> EXERCISE DATA
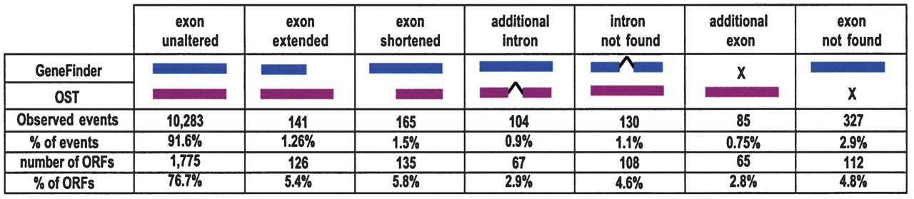 Internal structure differences observed between WS100 predictions and their aligned OSTs. The structure of 540 ORFs has been corrected, each showing one or more differences compared with the corresponding OSTs. OSTs may have more, fewer, longer, or shorter exons than the prediction as well as additional or missing introns.
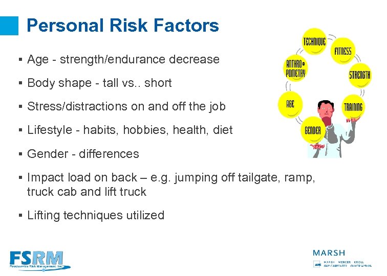 Personal Risk Factors § Age - strength/endurance decrease § Body shape - tall vs. . short § Stress/distractions on and off the job § Lifestyle - habits, hobbies, health, diet § Gender - differences § Impact load on back – e. g. jumping off tailgate, ramp, truck cab and lift truck § Lifting techniques utilized 5
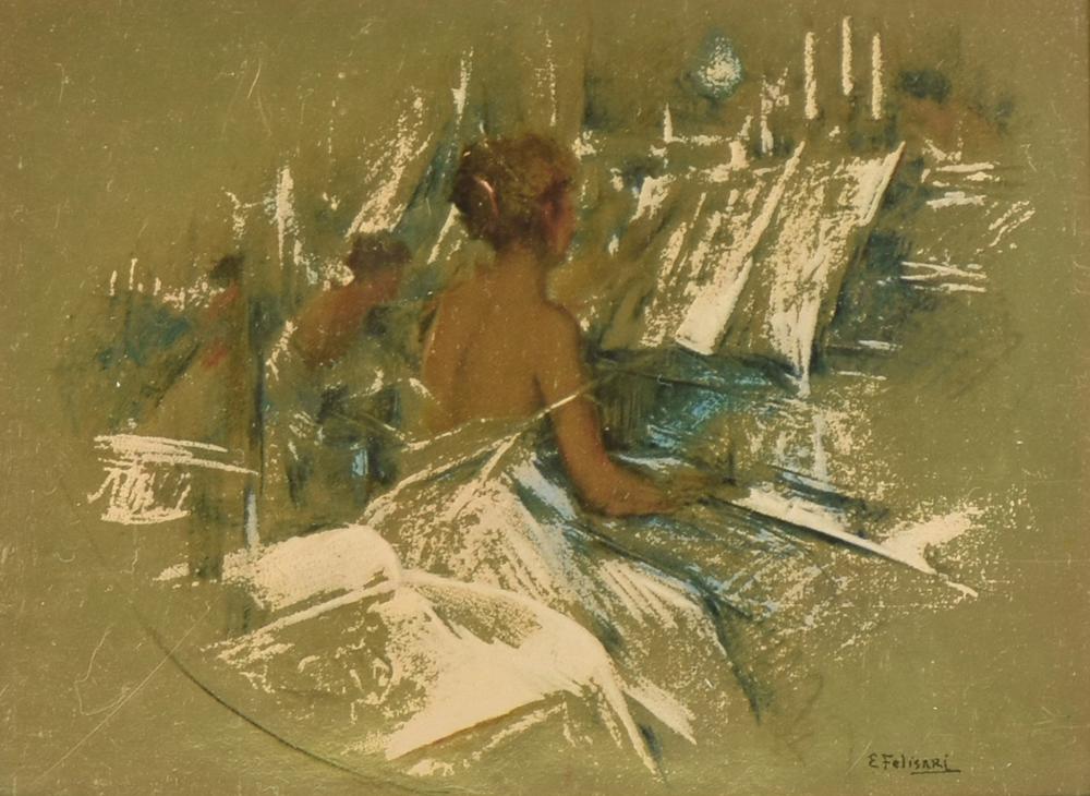 Enrico Felisari AL PIANO serigrafia su lamina metallica, cm 9x12 firma in lastra
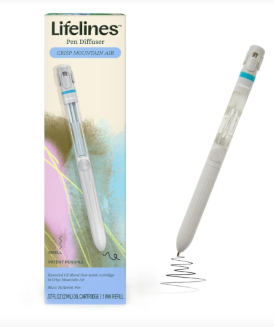 Keep your ideas flowing with a pen that diffuses delightfully invigorating scents as you write. Pen contains four Essential Oil Bends from our Crisp Mountain Air collection, featuring wild mint, peppermint, and rosemary. Simply lower the desired tab to select a single scent—or diffuse multiple blends at once to create a custom fusion!
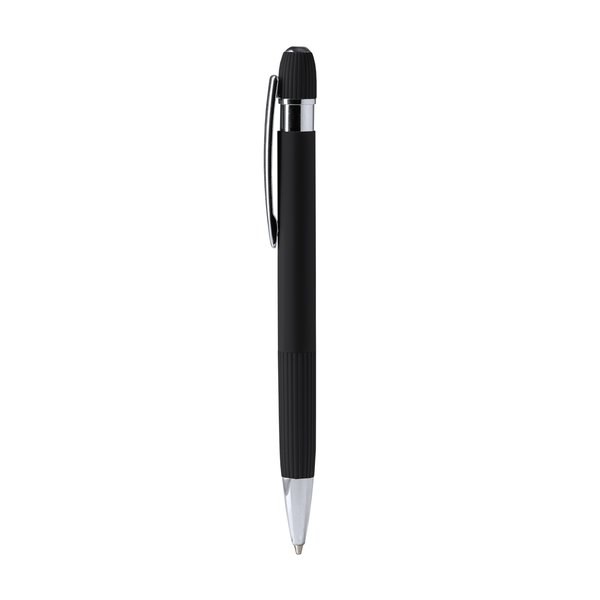 GARET Aluminium ballpoint pen with striped grip in metallic finish and touch pointer
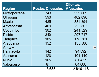 Le sigue la región de O´Higgins, con 402.690 clientes afectados; Maule con 384.394; Biobío con 297.717; Antofagasta con 253.863 y Coquimbo con 241.529 clientes afectados en su suministro por postes chocados. Más atrás se ubican Arica y Parinacota, Tarapacá, Atacama, Valparaíso, Ñuble y Araucanía (ver tabla).

> TASK DIRECTIONS
Starting at the line containing "Personal Risk Factors" and finishing at the line containing "GARET Aluminium ballpoint", return those lines exactly as they appear above, without the pictures.

> YOUR SOLUTION
 Personal Risk Factors § Age - strength/endurance decrease § Body shape - tall vs. . short § Stress/distractions on and off the job § Lifestyle - habits, hobbies, health, diet § Gender - differences § Impact load on back – e. g. jumping off tailgate, ramp, truck cab and lift truck § Lifting techniques utilized 5
 Enrico Felisari AL PIANO serigrafia su lamina metallica, cm 9x12 firma in lastra
 Keep your ideas flowing with a pen that diffuses delightfully invigorating scents as you write. Pen contains four Essential Oil Bends from our Crisp Mountain Air collection, featuring wild mint, peppermint, and rosemary. Simply lower the desired tab to select a single scent—or diffuse multiple blends at once to create a custom fusion!
 GARET Aluminium ballpoint pen with striped grip in metallic finish and touch pointer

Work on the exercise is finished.